Грейте ладони звездами - Бергер Евгений 4 стр.


Я вскидываю голову и наши глаза, как и руки автоматически сталкиваются. Ладонь Доминика большая и горячая, абсолютно не вызывающая отторжения… На автопилоте отмечаю сухую шероховатость его кожи и параллельно борюсь с неугомонной насмешливой полуулыбкой, которая так и норовит растянуть мои губы из-за всей чрезвычайной нелепости этого нежданного знакомства. Битву я проигрываю в тот момент, когда палец парня слегка касается тыльной стороны моей ладони….

Я так понимаю, мама никогда не говорила тебе, что людей обычно встречают по одежке, — морализирую я, высвобождая руку и взглядом указывая на его неуместный наряд. — Здравствуй, Доминик.

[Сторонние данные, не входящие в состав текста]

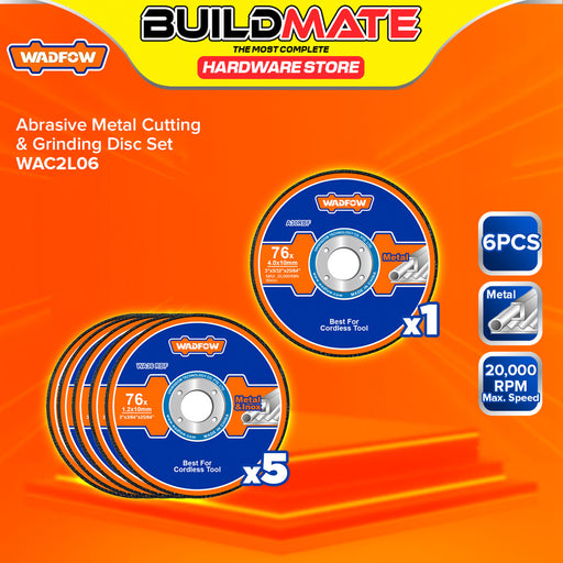 Buildmate Online DepotBUILDMATE Wadfow 6pcs Abrasive Metal Cutting and Grinding Disc Set 76mm Metalworking Ultra Thin Cutting Disc and Grinding Wheels Kit WAC2L06 - WHT ...

Тот, похоже, рад моему выпаду и легко подстраивается под мой насмешливо-ироничный тон:

Мама, как ты, наверное, уже заметила, не очень сильна в наставничестве, — говорит он мне, с ленивой грацией делая шаг в мою сторону, хотя мы и так стоим достаточно близко. — Она и сама тот еще пример для подражания, но тебе не кажется, — он вдруг оказывается совсем близко — и вот его пальцы осторожно скользят по моей правой руке от плеча к запястью, рождая легкую дрожь, — что одежда зачастую составляет ложное представление о людях, — насмешливо вскинутые брови. — А так твое представление обо мне будет абсолютно непредвзятым и совершенно точным… Одна голая правда и ничего более!

Я дергаю плечом и стряхиваю с себя дерзкие пальцы, хозяин которых, если я правильно все понимаю — а я уверена, что ошибиться тут абсолютно невозможно! — флиртует и заигрывает со мной самым беспардонным образом. Я, конечно, давненько не флиртовала ни с кем, кроме своего мужа, но, уверена, могу отличить заигрывание от простого дружеского участия…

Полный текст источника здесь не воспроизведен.